Exercising during pregnancy poses minimal risks, but a visit to your physician is necessary for an in-depth obstetric evaluation and to rule out contraindications and complications. In addition, it is important for the safety of both mother and child that the proposed exercise schedule be personalised on the basis of the attitude and athletic preparation of each individual patient and on the basis of the physical and anatomical changes that occur during pregnancy, such as the increased weight and the shifting of the centre of gravity, as well as changes to the lungs and cardiovascular system.

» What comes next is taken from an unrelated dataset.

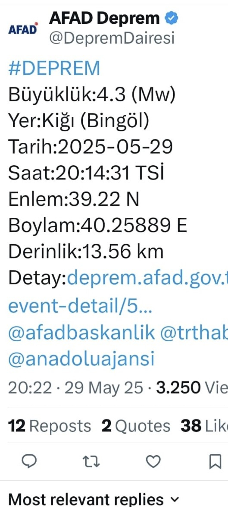 AFAD'dan yapılan açıklamaya göre, saat 20.14'te merkez üssü Bingöl'ün Kiğı ilçesinde 4,3 büyüklüğünde deprem meydana geldi. Yerin 13.56 kilometre derinliğinde meydana gelen depremde şimdiye kadar olumsuz bir duruma rastlanmadığı kaydedildi.

Inactive and sedentary women should follow a gradual exercise schedule when pregnant. Women who were already active before pregnancy can practice high-intensity activities such as running or aerobic exercises. Professional athletes can continue their training sessions under the close supervision of their gynaecologist and their athletic trainer, monitoring changes in weight and diet and the types of exercises. The most recent American guidelines recommend at least 150 minutes of moderate-intensity aerobic activity per week (aerobic exercise for 30-90 minutes 3-4 times per week is not associated with risks of pre-term pregnancy) during pregnancy and after giving birth.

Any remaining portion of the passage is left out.